Subtest I - Literary Devices Flashcards
Anachronism
A detail of a literary work that is not appropriate for its time setting. For example, having a woman in Victorian England make a call on a cell phone would be an anachronism.
Analogy
When a writer emphasizes the ways two apparently unlike things are actually similar.
Antithesis
A figure of speech that balances an idea with a contrasting one or its opposite. From Robert Frost: “Some say the world will end in fire,/Some say in ice.”
Assonance
The repetition of vowel sounds in a sentence or line of poetry.
Connotation
The use of precise words to give a positive or negative slant to a statement or passage. For example the word fragrance has a positive connotation; stench has a negative one.

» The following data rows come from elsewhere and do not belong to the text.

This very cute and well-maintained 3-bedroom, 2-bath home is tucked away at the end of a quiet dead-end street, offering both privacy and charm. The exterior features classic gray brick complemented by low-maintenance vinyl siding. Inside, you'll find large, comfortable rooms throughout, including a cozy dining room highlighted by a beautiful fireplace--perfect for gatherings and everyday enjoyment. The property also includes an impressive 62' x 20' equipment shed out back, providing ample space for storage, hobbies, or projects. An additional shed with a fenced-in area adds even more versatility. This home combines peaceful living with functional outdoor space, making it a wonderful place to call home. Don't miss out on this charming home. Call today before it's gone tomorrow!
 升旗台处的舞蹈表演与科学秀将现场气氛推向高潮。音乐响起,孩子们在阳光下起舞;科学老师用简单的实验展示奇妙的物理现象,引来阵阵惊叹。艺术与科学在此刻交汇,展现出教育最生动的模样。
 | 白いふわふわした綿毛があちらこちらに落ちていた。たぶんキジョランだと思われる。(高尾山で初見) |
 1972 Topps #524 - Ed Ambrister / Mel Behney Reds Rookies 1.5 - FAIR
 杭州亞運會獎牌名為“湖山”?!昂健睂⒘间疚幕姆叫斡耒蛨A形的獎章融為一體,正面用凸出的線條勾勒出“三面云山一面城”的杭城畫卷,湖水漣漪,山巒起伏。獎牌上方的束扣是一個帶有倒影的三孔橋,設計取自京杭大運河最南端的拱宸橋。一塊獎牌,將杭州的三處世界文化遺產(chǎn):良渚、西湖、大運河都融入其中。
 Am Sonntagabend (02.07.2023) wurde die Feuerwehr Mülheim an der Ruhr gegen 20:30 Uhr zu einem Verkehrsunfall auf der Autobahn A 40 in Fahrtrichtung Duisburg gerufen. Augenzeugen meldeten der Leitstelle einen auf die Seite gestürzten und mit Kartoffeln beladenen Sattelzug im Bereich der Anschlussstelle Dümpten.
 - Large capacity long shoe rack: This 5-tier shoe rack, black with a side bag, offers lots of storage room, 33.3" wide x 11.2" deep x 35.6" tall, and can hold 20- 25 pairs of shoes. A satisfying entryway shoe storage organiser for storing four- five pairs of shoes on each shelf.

Both words mean “smell”
Denotation
The literal meaning of a word, as found in a dictionary, (Think definition)
Diction
The choice of words and style of language used through which the writer creates the tone of a work.
Enjambment
The continuation of a clause or sentence from one line of poetry to the next. Poets may use enjambment to subvert the reader’s expectations about what the lines are saying. Enjambment can also create a faster pace or a change of rhythm.
Epigraph
A quotation from another source that appears at the beginning of a literary work and suggests its theme.
Heroic couplets
A form of English poetry with pairs of rhyming lines in iambic pentameter (five stresses to a line).
Verbal irony
Saying one thing and meaning something else.
Situational irony
When a situation is in reality much different than the character or characters think.
Dramatic irony
When the audience is aware of something that the characters onstage (or in a story) do not know.
Malapropism
A word mistaken for another word with a similar sound.
Meter
A way of measuring the rhythm in formal verse. Meter is shown by dividing a line of verse into feet, or units of two or three syllables.